_Dataset section_
□ □ □

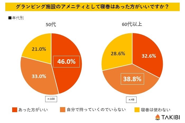 年代別で見ると20代・30代・40代・50代は「あった方がいい」と思う方が多く、60代以上では「自分で持っていくのでいらない」と思う方が多く、4割程という結果になりました。
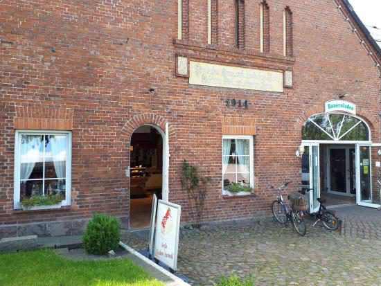 Holger und ich trafen uns um 10 Uhr vor dem Bauerladen und marschierten gemeinsam in den nicht gleich sichtbaren Laden, in einem sehr grossen Haus, gebaut 1914, das neben dem Laden ein angrenzenden Restaurant hat, das von einem Betreiber gepachtet ist, der seinen Kuchen und Torten von Dölger bezieht.
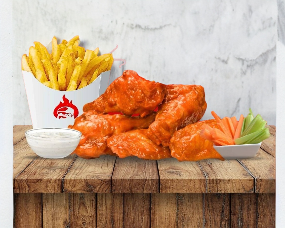 1 kilo de boneless bañados a tu salsa a elegir,papas fritas ,apio,zanahoria y aderezo ranch
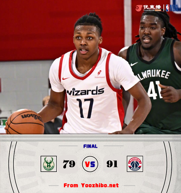NBA夏季联赛,雄鹿对阵奇才。比赛开始,双方开场短暂相持,随后奇才外线开火,连中6个三分取得两位数领先,次节奇才火力不减,又是三分3连击一举将优势扩大到20分,雄鹿及时回暖打出9-0止血,半场战罢奇才46-35领先11分。易边再战,雄鹿大举反击,多点开花不断蚕食分差,奇才进攻端哑火,雄鹿连中三分完成反超,末节奇才找回手感,里突外投完成19-6的攻击波重获两位数优势,雄鹿苦苦追赶无果。最终,奇才91-79力克雄鹿。

□ □ □

_Aim of the exercise_
All that should be printed is the lines from the one containing "1 kilo de boneless" through the last line of the material above, both ends included, exactly as they stand; please skip the pictures.

_Solution to this task_
 1 kilo de boneless bañados a tu salsa a elegir,papas fritas ,apio,zanahoria y aderezo ranch
NBA夏季联赛,雄鹿对阵奇才。比赛开始,双方开场短暂相持,随后奇才外线开火,连中6个三分取得两位数领先,次节奇才火力不减,又是三分3连击一举将优势扩大到20分,雄鹿及时回暖打出9-0止血,半场战罢奇才46-35领先11分。易边再战,雄鹿大举反击,多点开花不断蚕食分差,奇才进攻端哑火,雄鹿连中三分完成反超,末节奇才找回手感,里突外投完成19-6的攻击波重获两位数优势,雄鹿苦苦追赶无果。最终,奇才91-79力克雄鹿。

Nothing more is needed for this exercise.